I am not sure what your by laws are, but where I am we can't "hotwire" our fence as we are not a farm protecting our cattle.... you may want to check the laws in regards to that where you are


----------



## JanaeUlva (Feb 5, 2011)

pets4life said:


> is hotwire expensive? what if the dog does a deer jump over the fence? not sure if they are capable of that though even by deer jump i mean jumping over a fence w/o touching it


No the wire (I like the tape), posts and fencer (the electric box) are fairly inexpensive. I like the box that shows a constant light pulse letting you know it's functioning, at a glance. It's especially cheap compared to putting in a 6 ft versus a 4 ft fence.

Most dogs will probably touch the tape (it's thick and bright yellow so very obvious) before they attempt to get out. And that's where it will end. 

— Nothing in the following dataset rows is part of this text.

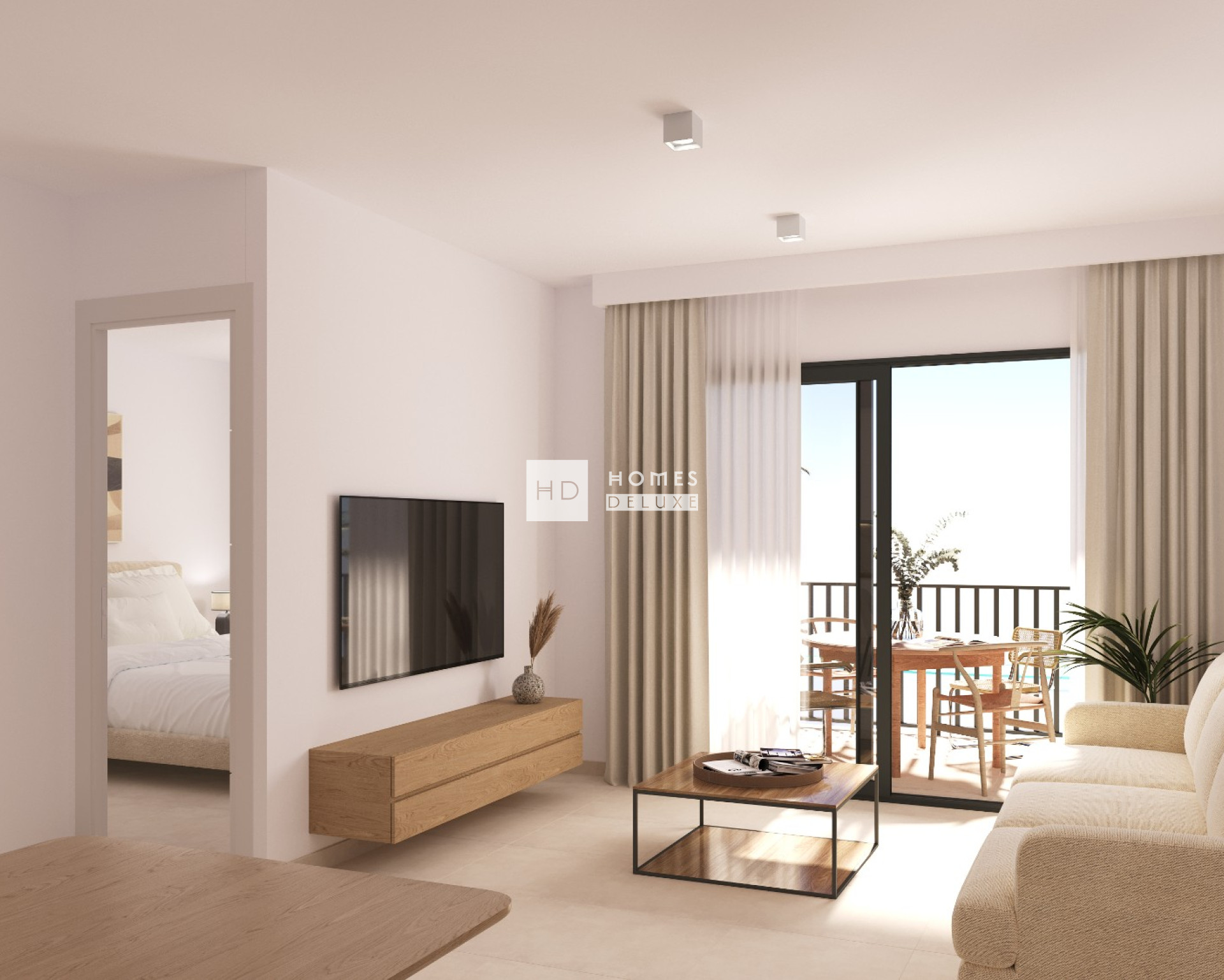 Hay varias opciones de apartamentos de 2 dormitorios entre las que elegir: 2 dormitorios y 1 baño, 2 dormitorios, 1 baño y un aseo de invitados, y 2 dormitorios y 2 baños. La distribución interior consta de un salón y un comedor diáfanos con puertas acristaladas que dan a la terraza, y dentro de la sala de estar principal hay una moderna cocina de estilo americano. Hay un amplio dormitorio principal con baño en suite (en las opciones de 2 dormitorios y 2 baños), otro dormitorio doble, todos los dormitorios incluyen armarios empotrados y hay un baño independiente. El proyecto combina arquitectura moderna, comodidad y una ubicación privilegiada: una oportunidad única para vivir o invertir en una de las zonas más deseadas de la Costa Blanca.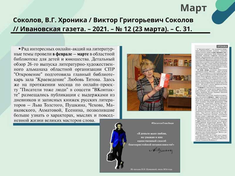 - Соколов, В.Г. Хроника / Виктор Григорьевич Соколов // Ивановская газета. – 2021. – N 12 (23 марта). – С. 31. (Скачать)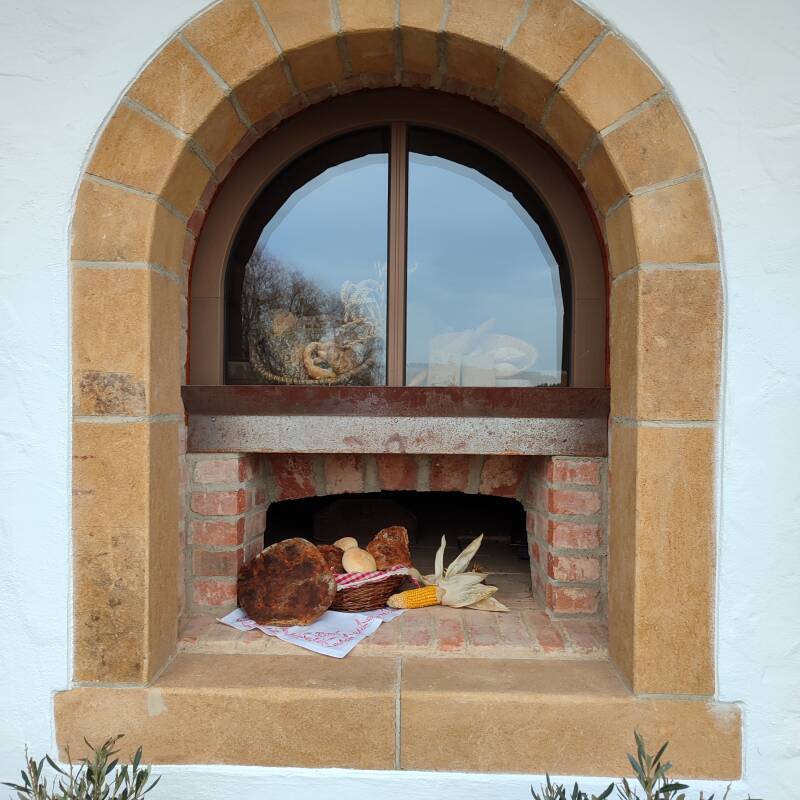 rund um den originalen Holzbackofen wird es zu besonderen Anlässen frisches Holzofenbrot und sonstige Leckereien geben.

Now my male could tell if the wire was on or not so I never could turn it off. Imagine my surprise when I came home from a long day of work to see my male Rummel lounging in the middle of the front yard. Yep, I had one gate that went into a breezeway that was between my front door and the unattached garage. That section was not hot. He figured it out. I had to put a new door on the breezeway exit that locked. Then I just left the gate open. He was going to get into the breezeway might as well not risk him injuring himself going over the fence.


----------



## JanaeUlva (Feb 5, 2011)

Lora said:


> I am not sure what your by laws are, but where I am we can't "hotwire" our fence as we are not a farm protecting our cattle.... you may want to check the laws in regards to that where you are


True, very true.


----------



## pets4life (Feb 22, 2011)

i know the business next door put tall fences with barb wire that curved inwards but for a dog i think that would just be evil what if the dog jumped and his leg got cut or worse

i will find out about the tape even if it is not legal what kind of trouble could i get in for putting it up? I dont want gross drunks around my fence either and i am sure it is better to zap them then shoot them LOL


----------



## Davey Benson (Nov 10, 2010)

Lora said:


> I am not sure what your by laws are, but where I am we can't "hotwire" our fence as we are not a farm protecting our cattle.... you may want to check the laws in regards to that where you are


Oh ya, I have heard that electric fences aren't allowed in town. (at least the one that's by me) 

I'm so glad I live way out there....


----------



## JanaeUlva (Feb 5, 2011)

pets4life said:


> i will find out about the tape even if it is not legal what kind of trouble could i get in for putting it up? I dont want gross drunks around my fence either and i am sure it is better to zap them then shoot them LOL


Yeah, I have to admit that two places I lived at were in small rural towns. I put up the electric tape anyhow. With the posts inside the fence the tape is also not hanging outside the fence. Nobody complained so i had that setup for a combined 8 years, until I sold the homes.


----------